The banned items were jewellery, furniture, arms and armour, metals, coins, ivory, wood, paper, palm leaves, metals, terracotta, stone, manuscripts in all media, paintings and sculpture. The Koh-i-Noor, India's prized diamond, removed to Britain as booty still remains there despite India's plea to return it.

This report roused the interest of a columnist on the Daily News at that time who made the following comment, so very revealing in many ways of how even the House of Lords in its own supercilious way react to the ways of their subject races:

The columnist says that "Collectors of these items are now being looked upon as thieves, which may not be a bad thing, because there is something essentially barbarous in the removal of objects from people who look upon them as being sacred if not their soul.

The British, I am sorry to note, have a particularly distasteful record in this field, their empire being larger and wider than anything else before.

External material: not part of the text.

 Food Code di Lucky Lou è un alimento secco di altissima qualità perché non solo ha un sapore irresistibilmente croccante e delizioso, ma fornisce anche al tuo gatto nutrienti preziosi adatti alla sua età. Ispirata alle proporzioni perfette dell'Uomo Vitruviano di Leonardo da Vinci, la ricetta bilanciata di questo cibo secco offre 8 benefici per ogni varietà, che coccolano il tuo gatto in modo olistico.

Even the heirs of the empire builders in Britain today, should be aghast at the horrors perpetrated by their civilised ancestors.

"Theft by them was one thing, but the destruction of things of beauty like the Porcelain Pagoda in Nanking and the burning down of the Summer Palace in Peking under Lord Elgin's personal direction must be regarded as the high water mark of savagery.

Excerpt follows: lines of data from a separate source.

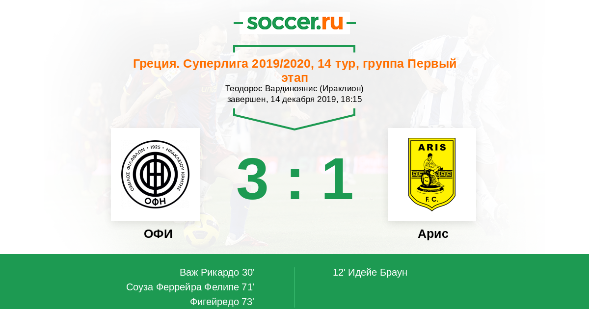 ОФИ - Арис: обзор матча 14 декабря 2019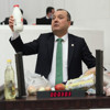 CHP Tekirdağ Milletvekili İlhami Özcan Aygun, TBMM Genel Kurulu’nda devam eden Cumhurbaşkanlığı bütçesine ilişkin görüşmelerde kürsüye sıvı yağ, yumurta, soğan, mango ve tavuğun olduğu gıdalarla çıktı.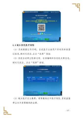 4.4 城乡居民医疗保险 (1)系统根据证件号码,自动显示出该用户所有的参保登 记信息,核对无误后,点击“选择”按钮. (2)系统自动带出险种名称、社保编码和征收机关等信息, 核对无误后,点击“选择”按钮. (3)城乡医疗自主缴费:通常缴纳次年医疗保险,系统直接 带出本年度需缴纳的金额. - 107 -

"The British House of Lords sometime ago, echoed with peals of laughter or should I say hoots of delight or was it savage glee, when the question of returning the Regalia of the Ashanti in Ghana was raised.

Lord Goronway-Roberts replying to the question raised said how the British Government had absolutely nothing to do with the objects of the British Museum or at the Wallace Collection, neither of which, he was quick to point out, may legally dispose of these exhibits.

But why not a law to release these objects? inquired Lord Montagu, to which Lord Goronway-Roberts replied that he could not promise such a thing nor could he advise that they should do so.

"Perhaps the consequences of such a law were to be feared because, as Lady Lee pointed out, 'When it comes to returning booty from this country we should tread warily because it may turn into a strip tease.'

At which point the report goes the Lords guffawed heartily. For Lord Goronway-Roberts it must be said that he put on a brave stand, as brave as the British soldiers who were killed by the King of Ashanti 'in horrible conditions in that part of the world.' And on whose behalf the Ashanti Regalia was taken as part of an 'indemnity' agreed to by the defeated king so that the dependants of those killed could be compensated.

Lord Goronway-Roberts was not actually putting his handkerchief to his streaming eyes when he said that he sympathised with the motivation of the question that had been raised, but if it was to promote good Commonwealth relations returning the regalia was not the best way to do it.

It was at this point that the laughter rose once more when someone asked whether it was possible to keep the booty in Britain and return the soul of the Ashanti people (which reposed in the footstool of the regalia) to Ghana."

And to end this note, here's a testimonial from a respected European philosopher of recent times, Frithjof Schuon, on the doings of the kind of people now sitting in judgment in the 'international; community.'

"Apologists for the White invasion and its consequences" says Schuon, "are only too ready to argue that all people in all ages have committed acts of violence; violence, yes; but not necessarily acts of baseness, perpetrated, what is more in the name of liberty, equality, fraternity, civilisation, progress and the 'rights of man.' The conscious, calculated, methodical, official and by no means anonymous destruction of the Red race, its traditions and culture, in North America and partly also in South America, far from having been an unavoidable process - and as such, possibly excusable in the name of natural laws, provided one does not oneself claim to have outgrown these laws thanks to 'civilisation' - this destruction it must be said, certainly remains one of the greatest crimes and most noted vandalisms of all human history."

Such an observation makes me wonder, who should be really sitting in international judgments and over whom?